Not wanting the remark to be misconstrued, she added: “Table tennis is the national sport over there, where it is nothing in the United States. I hope table tennis will get more backing now and become more popular. It’s really an intricate game with many facets.”
At the world championships in Japan, the four-member U.S. women’s team placed 21st. The five-member men’s team finished 28th. China’s men and Japan’s women won the gold medals.
Judy enjoyed her week in China but said she was glad she wasn’t growing up in the communist country.
“I don’t know what teenagers do over there for fun — work, I guess,” she said in the April 19, 1971, issue of The Oregonian. “In the morning we were awakened by the sound of children marching along singing songs of Mao. Adults marched and sang, too, maybe to work. They would sing songs to Mao while waving their little red books of Mao’s thoughts in unison.”
Judy brought home one of party leader Mao Zedong’s famed little red books as a souvenir.
“They woke me up just at dawn as our airplane came across the coastline into San Francisco,” she said. “That was the most beautiful sight of the whole trip — a real, modern, American city again.”
The next month, the Oregon Legislature honored Judy, with House Speaker Robert F. Smith saying that the Eugene teen had “accomplished what our negotiators couldn’t.” The Legislature declared May 6 “Judy Bochenski Day.”
Judy briefly spoke in the House chamber in Salem and then played a “friendly” table-tennis game with Gov. Tom McCall, using a desk with a makeshift net strung across it. Judy won 11-4.
“Maybe if we had a longer table you’d do better,” she told the governor.
Bochenski, who went on to graduate from Stanford University, has been a table-tennis ambassador ever since. She won national and international tournaments throughout the 1970s, as well as touring U.S. shopping centers and town halls for exhibitions where she “took on all comers.” In 1979 she scored silver and bronze medals at the Pan American Games in Puerto Rico. (Table tennis wasn’t yet an Olympic sport during her playing heyday.)
In 2006, by now married to attorney Dan Hoarfrost and with three children, she was inducted into the Oregon Sports Hall of Fame.
All these years after her teenaged splash with international sports and politics — almost exactly 44 years after the Legislature declared “Judy Bochenski Day” — she remains committed to raising table tennis’ profile. She runs Paddle Palace in Southwest Portland, a table-tennis equipment company that her father started as a players’ club in the 1970s.

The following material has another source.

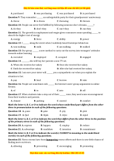 Read the following passage and mark the letter A, B, C, or D to indicate the correct word or
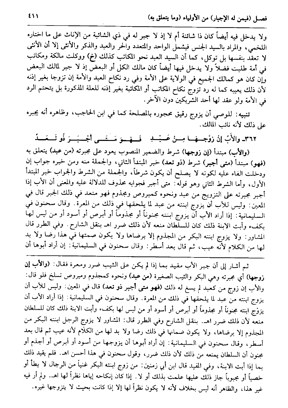 وَلَا يدْخل فِيهِ أَيْضا كَانَ ذَا شائنة أم لَا إِذْ لَا جبر لَهُ فِي ذِي الشائبة من الْإِنَاث على مَا اخْتَارَهُ اللَّخْمِيّ وَالْمرَاد بالسيد الْجِنْس فَيشْمَل الْوَاحِد والمتعدد وَالْحر وَالْعَبْد وَالذكر وَالْأُنْثَى إِلَّا أَن الْأُنْثَى لَا تعقد بِنَفسِهَا بل توكل، كَمَا أَن السَّيِّد العَبْد نَحْو الْمكَاتب كَذَلِك (خَ) ووكلت مالكة ومكاتب فِي أمة طلبت فضلا وَلَا يدْخل فِيهَا أَيْضا كَانَ مَالك الْكل أَو الْبَعْض إِذْ لَا جبر لمَالِك الْبَعْض وَإِن كَانَ هُوَ كمالك الْجَمِيع فِي الْولَايَة على الْأمة وَفِي رد نِكَاح العَبْد وَالْأمة إِن تزوجا بِغَيْر إِذْنه لِأَن ذَلِك يعِيبهُ كَمَا لَهُ رد تزوج نِكَاح الْمكَاتب أَو الْمُكَاتبَة بِغَيْر إِذْنه لِلْعِلَّةِ الْمَذْكُورَة بل يتحتم الرَّد فِي الْأمة وَلَو عقد لَهَا أحد الشَّرِيكَيْنِ دون الآخر. تَنْبِيه: للْوَصِيّ أَن يُزَوّج رَقِيق مَحْجُوره بِالْمَصْلَحَةِ كَمَا فِي ابْن الْحَاجِب، وَظَاهره أَنه يجْبرهُ على ذَلِك لِأَنَّهُ نَائِب الْمَالِك. والأَبُ إنْ زوَّجهَا مِنْ عَبْدِ فَهْوَ مَتَى أَجْبَرَ ذُو تَعَدِّ (وَالْأَب) مُبْتَدأ (إِن زَوجهَا) شَرط وَالضَّمِير الْمَنْصُوب يعود على مجبرته (من عبد) يتَعَلَّق بِهِ (فَهُوَ) مُبْتَدأ (مَتى أجبر) شَرط (ذُو تعد) خبر الْمُبْتَدَأ الثَّانِي، وَالْجُمْلَة مِنْهُ وَمن خَبره جَوَاب إِن وَدخلت الْفَاء عَلَيْهِ لكَونه لَا يصلح أَن يكون شرطا، وَالْجُمْلَة من الشَّرْط وَالْجَوَاب خبر الْمُبْتَدَأ الأول، وَأما الشَّرْط الثَّانِي وَهُوَ قَوْله: مَتى أجبر فَجَوَابه مَحْذُوف للدلالة عَلَيْهِ وَالْمعْنَى أَن الْأَب إِذا أجبر مجبرته على التَّزْوِيج من عبد وَنَحْوه كمبروص ومجذوم فَهُوَ مُتَعَدٍّ فِي ذَلِك الْجَبْر قَالَ فِي الْمعِين: وَلَيْسَ للْأَب أَن يُزَوّج ابْنَته من عبد لما يلْحقهَا فِي ذَلِك من المعرة. وَقَالَ سَحْنُون فِي السليمانية: إِذا أَرَادَ الْأَب أَن يُزَوّج ابْنَته مَجْنُونا أَو مجذوماً أَو أبرص أَو أسود أَو من لَيْسَ لَهَا بكفء وأبت الِابْنَة ذَلِك كَانَ للسُّلْطَان مَنعه لِأَن ذَلِك ضَرَر اه بِنَقْل الشَّارِح. وَفِي الطرر قَالَ المشاور: وَلَا يُزَوّج ابْنَته الْبكر من المجذوم إِلَّا بِرِضَاهَا وَلَا يكون صمتها فِي هَذَا رضَا وَلَا بُد لَهَا من الْكَلَام لِأَنَّهُ عيب، ثمَّ قَالَ بعد أسطر: وَقَالَ سَحْنُون فِي السليمانية: إِن أَرَادَ أَبوهَا أَن

Table tennis has “always had a following in Portland, ever since the ’70s,” Bochenski Hoarfrost told The Oregonian this week. “But it seems to have become even more popular lately. We’ve kind of got clubs all over town.”
She mentioned Pips and Bounce on the east side, plus there are classes and a drop-in league on offer at the Ambridge Event Center. There’s also the Portland Table Tennis Club, and the Cosmos Table Tennis Club.
And she wants to ramp up all this local table-tennis activity a notch. She says she is selling Paddle Palace’s Multnomah Village building and is moving the company to downtown Tigard.
“The new building (in Tigard) is five times bigger than the building we’re in now,” she says. “We will be able to accommodate the growth of our business. Possibly we will open a full-time club again. Go back to our roots a little bit. We’ll have lessons and classes and leagues, senior groups at lunchtime.”
She says opening a new club is still in the dreaming stage — but hopes to have the club up and running early next year.
“When table tennis became an Olympic sport (in 1988), that added cachet,” she says. “We have to keep it going.”